Now, in fairness, I am no expert on the restaurant scene in Rutland, but people who want quick, affordable meals are hardly going to frequent gourmet eateries. At the very least, there has to be something between a Big Mac and a medium-rare steak. For localism to be at all scalable it must have broad appeal.

Here is a small example: there is an independent coffee shop on the market square of Tarnowskie Góry, Cafe Silesia, that is so popular it seems to have cornered a market that might have filled a tedious Starbucks. Its magic lies in having good, cheap coffee: not Don Pablo Columbian Supremo infused with almonds, cinnamon and turmeric for twice the average hourly wage but tasty coffee, made quickly, which most people could afford. It is characterful, but also accessible.

Since our silver mine earned UNESCO heritage status, local shops have benefited from a lively trade in “I ❤️ TG” shirts and accessories, with the red heart of the classic “I ❤️ NY” brand replaced with hearts in TG’s traditional colours, black and yellow. At the annual town festival, in September, one could see dozens of people in such shirts, swarming around ice cream stands and fairground rides like honeybees.

This may strike people as kitschy, and to some extent it is, but in a post-modern world identity inevitably entails some level of knowingness. In-group solidarity is fostered through a cheerful absurdism, which acknowledges our smallness in the face of the grand metropolises of Poland, Europe and the world that we see through television and the Internet — but also embraces that smallness as a proud alternative. It might not be New York City, but it is ours.

Few engines of international homogenisation have been as powerful as social media, through which we find the same music, the same movies, the same fashions, the same opinions and the same desires, all wrapped up in the superficial glamour of the high status. Social media can be channelled for local purposes, though. In Tarnowskie Góry, for example, we have a Facebook community page which has a good sixth of the town’s men and women as members — a page which publishes beautiful drone footage of the region, and a page which publishes old images of the town throughout the decades. People can be connected to the past, connected in the present and connected for the future — not deeply, perhaps, but it is something at least.

Advertising and social media, as obnoxious as they can be, have also given local businesses the chance to band together to raise their profile. Independent cafés, restaurants and bars barely have money to open their doors, let alone enough for a marketing department, but the organisation Tarnowskie Gòry Smakuja, or Tarnowskie Góry tastes, has emerged to promote the little bistros and backstreet pubs that might otherwise have escaped people’s attention.

Of course, coffee shops, t-shirts and Facebook pages are the venues and accoutrements of community and not community itself. None of them would be at all valuable if people did not meet, talk, laugh, share, work and love. Still, the sense of home that cradles our relationships depends on the refreshment of tradition — new experiences mingling with old memories. “The book of events,” as the Polish poet Wislawa Szymborska wrote, “is always open in the middle.”

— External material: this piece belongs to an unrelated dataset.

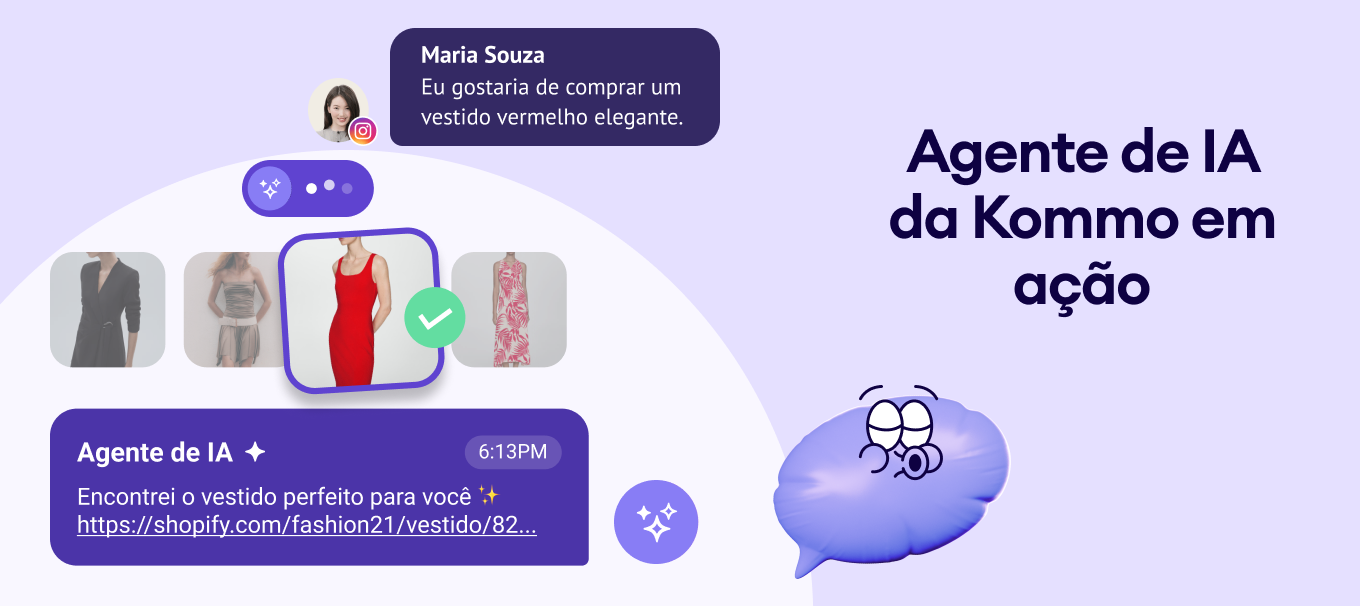 O agente de IA da Kommo consegue lidar com perguntas repetitivas, orientar os usuários nas opções de produtos, coletar informações importantes ou transferir a conversa para um agente humano quando necessário. Com o tempo, ele aprende com interações reais e adapta suas respostas para se adequar ao tom da sua marca e ao seu processo de vendas.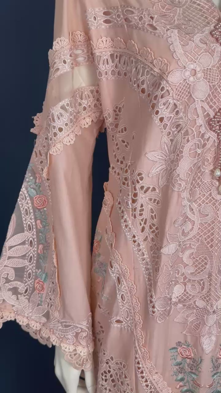 A delicate 3-piece set in soft blush tones that speaks of elegance and grace. The floral patterns and light flow make it the perfect choice for spring gatherings, daytime celebrations, or Eid festivities with a romantic touch.

In the lovely city park there is an old pavilion. When I came to Tarnowskie Góry I wondered why no one seemed to use it except for groups of teenagers on skateboards and bikes. Now it seems that every weekend there are film screenings, open-air theatre productions, charity events or picnics. And the kids still come to meet there, as they always should. Nothing will survive without them, after all.


Ben Sixsmith is an English writer living in Poland. He has written for Quillette, Areo, The Catholic Herald, The American Conservative and Arc Digital on a variety of topics including literature and politics.